» EXERCISE MATERIAL:
• • • • •
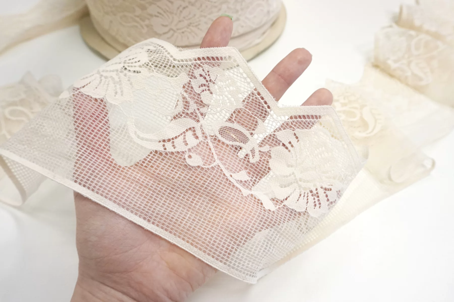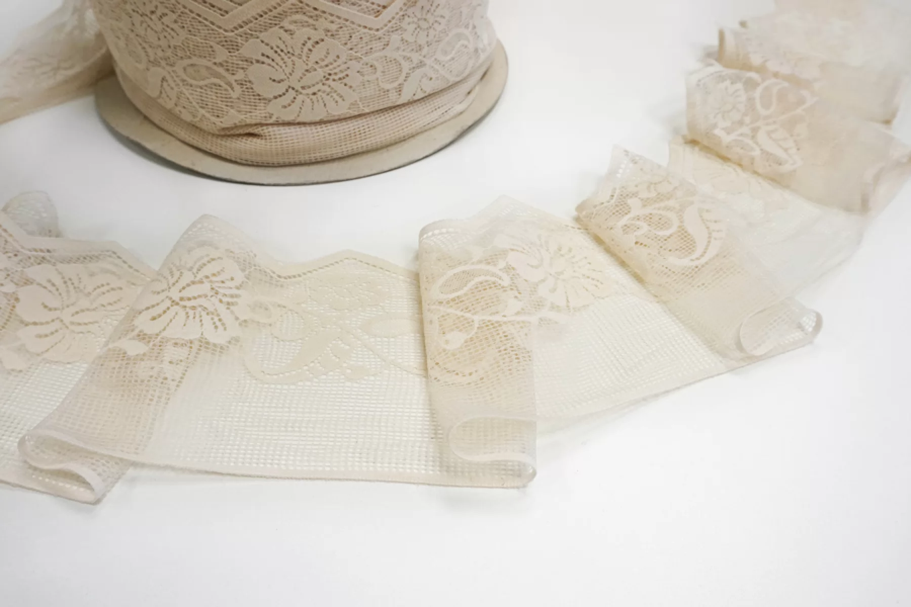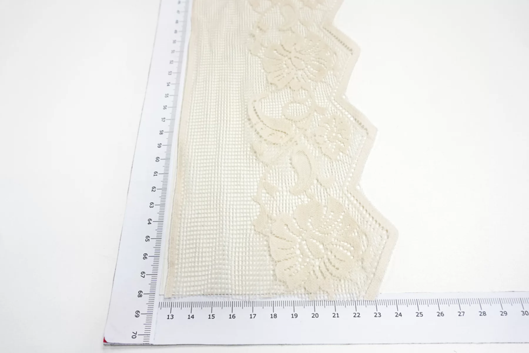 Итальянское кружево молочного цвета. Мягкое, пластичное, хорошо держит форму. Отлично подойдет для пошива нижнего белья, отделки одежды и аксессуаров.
• • • • •
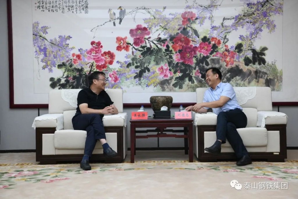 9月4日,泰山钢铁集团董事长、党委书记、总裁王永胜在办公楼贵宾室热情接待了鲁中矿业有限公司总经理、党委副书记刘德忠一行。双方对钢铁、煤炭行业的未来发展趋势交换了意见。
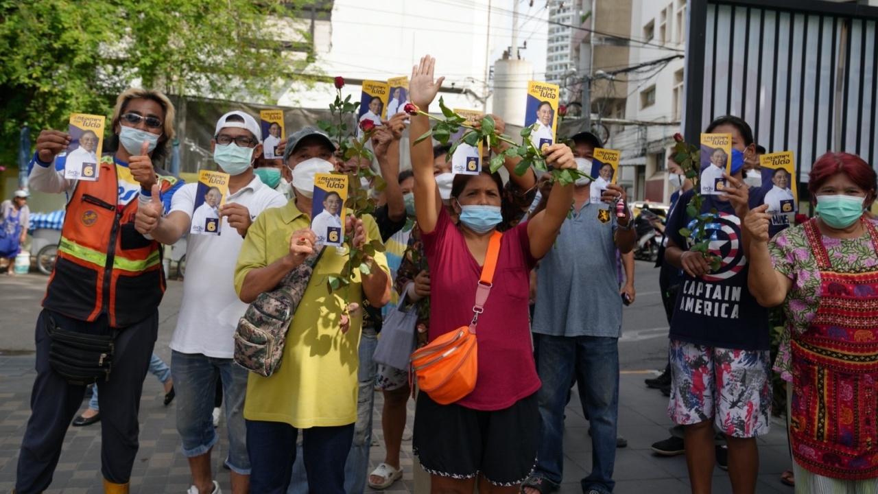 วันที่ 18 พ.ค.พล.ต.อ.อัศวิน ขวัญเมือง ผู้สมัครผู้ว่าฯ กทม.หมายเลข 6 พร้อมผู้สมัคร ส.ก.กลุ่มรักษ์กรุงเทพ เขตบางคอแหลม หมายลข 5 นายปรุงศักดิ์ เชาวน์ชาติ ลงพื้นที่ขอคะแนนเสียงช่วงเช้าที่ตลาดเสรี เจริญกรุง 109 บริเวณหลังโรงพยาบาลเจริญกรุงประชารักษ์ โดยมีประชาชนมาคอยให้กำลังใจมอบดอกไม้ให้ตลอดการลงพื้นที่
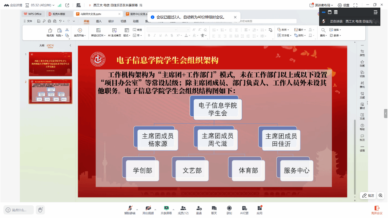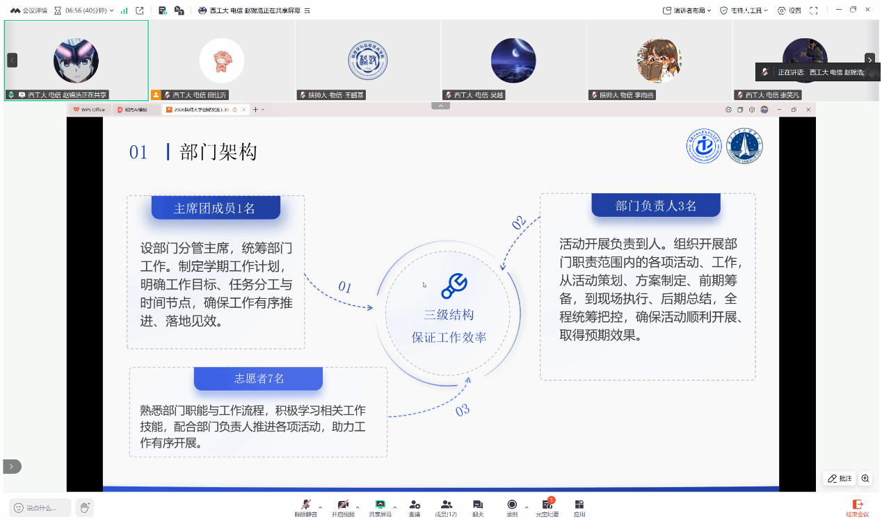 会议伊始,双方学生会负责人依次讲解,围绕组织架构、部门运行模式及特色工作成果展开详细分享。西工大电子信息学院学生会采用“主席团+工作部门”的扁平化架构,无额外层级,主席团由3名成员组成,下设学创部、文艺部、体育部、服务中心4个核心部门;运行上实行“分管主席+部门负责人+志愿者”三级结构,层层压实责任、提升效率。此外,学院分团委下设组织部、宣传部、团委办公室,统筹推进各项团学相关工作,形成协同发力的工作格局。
• • • • •
» TASK TO CARRY OUT: In the listing above, find the line containing "วันที่ 18 พ.ค.พล.ต.อ.อัศวิน" and the line containing "会议伊始,双方学生会负责人依", then print exactly those two lines and every line between them, minus the pictures.

» FINISHED TASK:
 วันที่ 18 พ.ค.พล.ต.อ.อัศวิน ขวัญเมือง ผู้สมัครผู้ว่าฯ กทม.หมายเลข 6 พร้อมผู้สมัคร ส.ก.กลุ่มรักษ์กรุงเทพ เขตบางคอแหลม หมายลข 5 นายปรุงศักดิ์ เชาวน์ชาติ ลงพื้นที่ขอคะแนนเสียงช่วงเช้าที่ตลาดเสรี เจริญกรุง 109 บริเวณหลังโรงพยาบาลเจริญกรุงประชารักษ์ โดยมีประชาชนมาคอยให้กำลังใจมอบดอกไม้ให้ตลอดการลงพื้นที่
 会议伊始,双方学生会负责人依次讲解,围绕组织架构、部门运行模式及特色工作成果展开详细分享。西工大电子信息学院学生会采用“主席团+工作部门”的扁平化架构,无额外层级,主席团由3名成员组成,下设学创部、文艺部、体育部、服务中心4个核心部门;运行上实行“分管主席+部门负责人+志愿者”三级结构,层层压实责任、提升效率。此外,学院分团委下设组织部、宣传部、团委办公室,统筹推进各项团学相关工作,形成协同发力的工作格局。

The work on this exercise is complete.